The first light in Charlevoix was located on the north pier. It was erected in 1884 in order to guide ships to the newly improved Pine River channel. A lifesaving station was built just north of the lighthouse in 1898 and an oil shed was built in 1890. The first tower was 56 ft tall, with a 61 ft focal height.

The original structure survived for 63 years, but due to terminal deterioration the decision was made to replace it in 1947. In 1948 the new steel structure was installed and the light was moved to its current location on the south pier where the lens and lantern from the old structure were transferred to the new one. The skeletal structure and general configuration of this light shares some design elements with the Alpena Light. The South Pierhead light was originally painted Daymark red.

In 1965, because the Pine River channel is near a congested area, the Coast Guard vacated the old U.S. Life-Saving Service Station (tearing down the shingled building), and relocated to the grounds of the old Lighthouse Supply Station.

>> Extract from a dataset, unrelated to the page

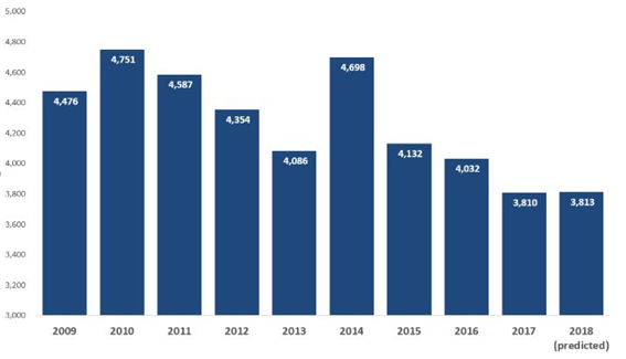- (개요) 동 분석은 미국 지식재산 소송 전문 분석기관인 Lex Machina社의 데이터를 통하여 분석하였으며, 2009년부터 2018년까지의 소송건수, 소송이 제기된 지역, 주요 로펌에 대해 발표함 - (주요내용) 동 분석의 주요내용은 다음과 같음 ∙ 미국의 상표권 소송건수는 2015년(4,132건) 이래로 지속적으로 감소하였으며, 2016년 4,032건, 2017년 3,810건을 기록하였고, 2018년에는 3,813건이 예측됨 ∙ 2009년부터 2018년까지 상표권 소송이 가장 많이 제기된 지역은 캘리포니아 중부지역이었고, 다음으로 일리노이 북부지역, 뉴욕 남부지역, 플로리다 남부지역, 캘리포니아 북부지역 순임 ∙ 또한 상표권 소송에서 원고의 사건을 가장 많이 담당한 로펌은 Greer, Burns & Crain 로펌이고, 피고의 사건을 가장 많이 담당한 로펌은 Greenberg Traurig 로펌임
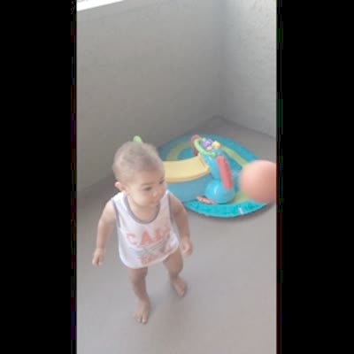 A toy basketball hoop falls on a tot boy when he dunks a ball into it in the living room.

In 1989, the present steel and concrete pier replaced the old wooden pier with its concrete covering. The present piers and revetments were constructed in the 1970s and 1980s. The construction is specially designed to withstand unusually forceful wave pressures, and to protect the harbor. As Terry Pepper wrote:

Constructed of driven steel piles with concrete and rock fill, wooden buffers were added where needed. These new piers were designed to incorporate hydrodynamic features to protect the harbor area. The rectangular gaps beyond the beach are intended to absorb and break-up inbound wave force, thereby reducing the swells that would travel from the big lake all the way up the channel into Round Lake. The Pine River Channel is believed to be unique in the entire world inasmuch as it has a two-way current. After severe westerly windstorms, waters pushed high into Lake Charlevoix will swiftly flow back out to meet other inbound currents. Small whirlpools and eddies at the harbor mouth are not uncommon, and whitecaps can frequently be observed within the channel on the calmest days.
— 200, 50, Terry Pepper

The skeletal north pierhead tower has since been removed.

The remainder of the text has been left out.